◆ REQUIREMENT:
Copy every line in the records below that contains the word "many".

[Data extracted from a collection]
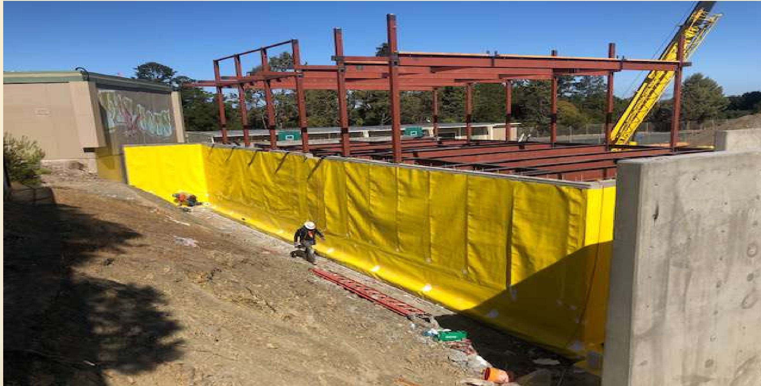
BACK OF LOCKER ROOMS, CLASSROOM BUILDING
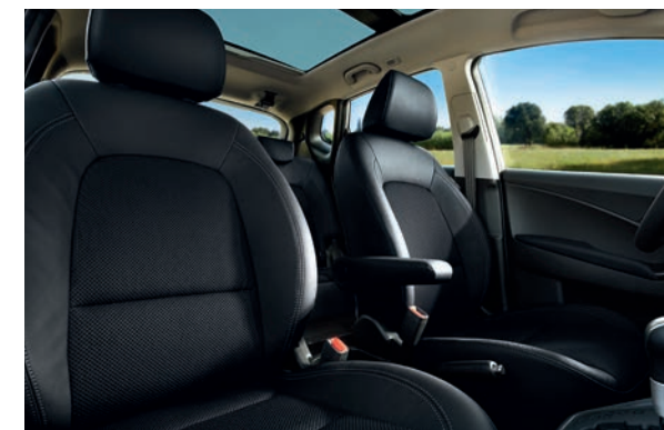
Interior space. With its 1600 mm high roofline and 2615 mm wheelbase, the ix20 offers more interior space than many larger cars, meaning families can travel in comfort even on the longest journeys.
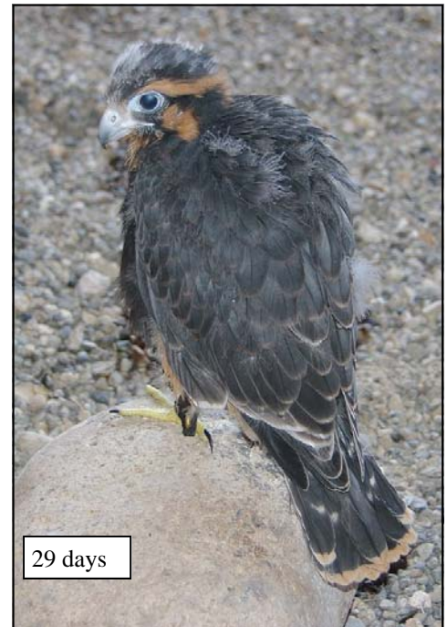
The chick is learning to perch and is “branching out.” By 32—35 days it will be fledging or taking its first flights.
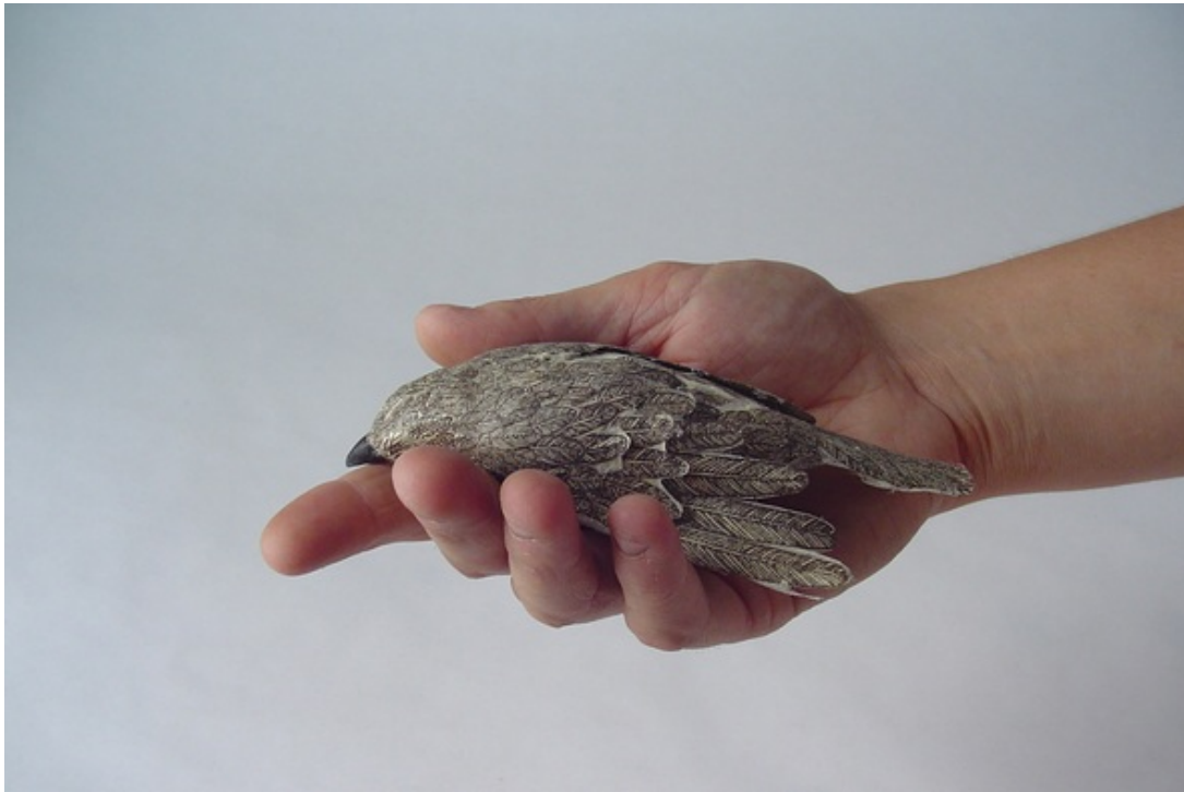
Small Dead Birds as a Unit of Measure (Failing), 2006-2008
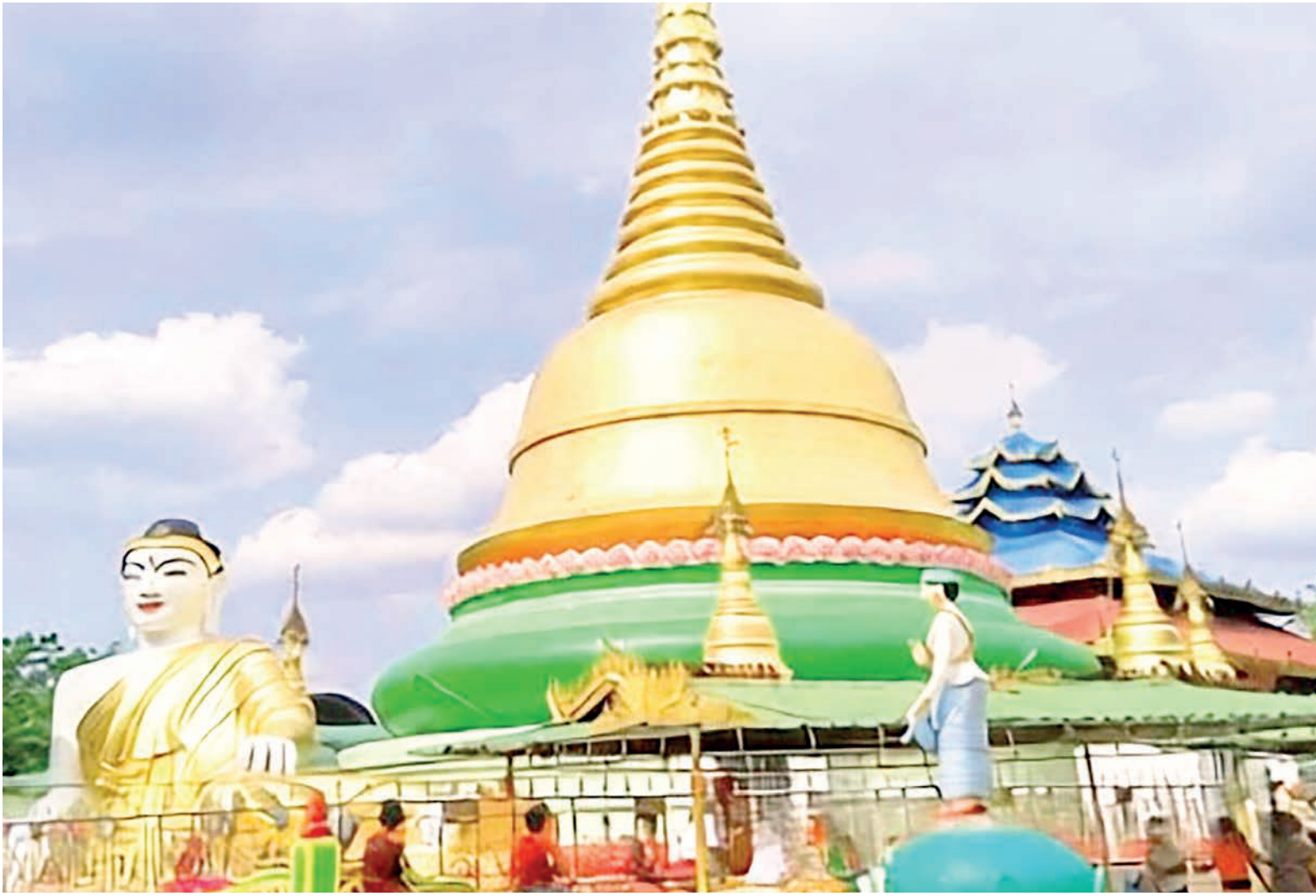
My visit to the Mei-la-mu Pagoda Festival was a memorable and enjoyable experience.

I reached the top of Kittar Road near Phonegyi Lan busstand. There were many entertainments such as merry-go-rounds, Pirate Boat, an artificial playground only for the children, Ferris wheel, etc., at this junction. I saw some children playing merrily on the artificial playground "Happy World" while their parents stood looking carefully at their movements until time was up. Fun railway services for children add-
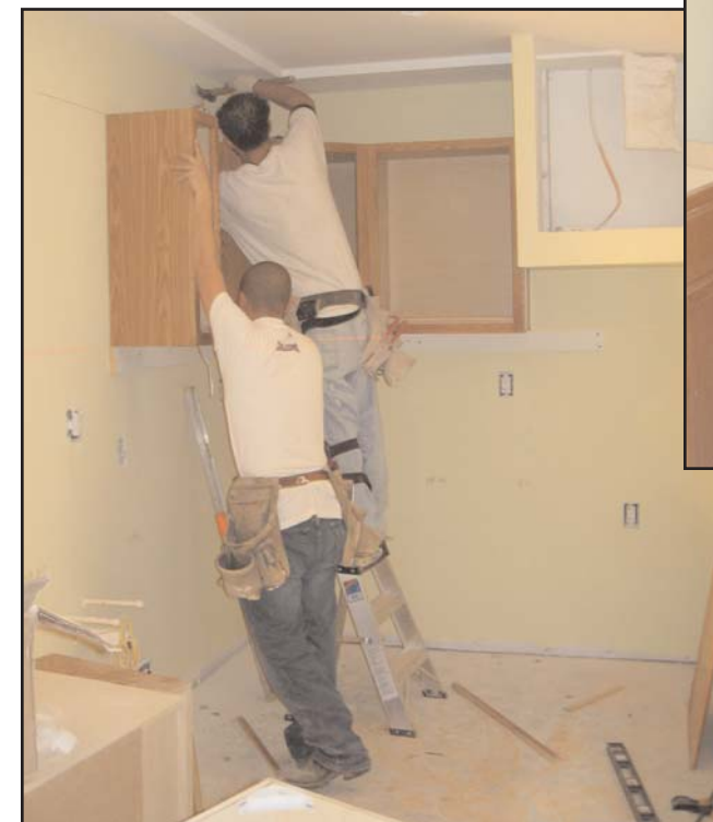
Workers install new kitchen cabinetry.

In 2008, HADC pledged its assistance to the Dunbar by agreeing to supply all appliances to the project. A
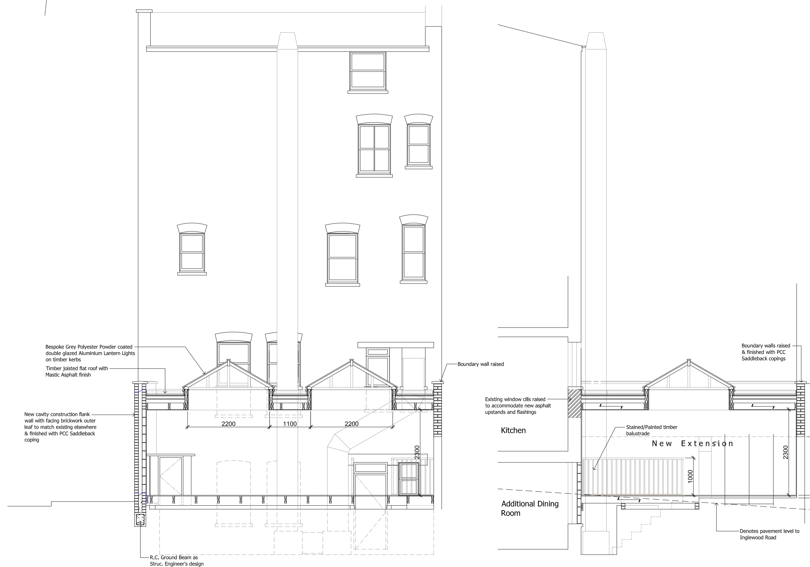
Rear Elevation/Section A-A

◆ ANSWER TO THIS TASK:
Interior space. With its 1600 mm high roofline and 2615 mm wheelbase, the ix20 offers more interior space than many larger cars, meaning families can travel in comfort even on the longest journeys.
I reached the top of Kittar Road near Phonegyi Lan busstand. There were many entertainments such as merry-go-rounds, Pirate Boat, an artificial playground only for the children, Ferris wheel, etc., at this junction. I saw some children playing merrily on the artificial playground "Happy World" while their parents stood looking carefully at their movements until time was up. Fun railway services for children add-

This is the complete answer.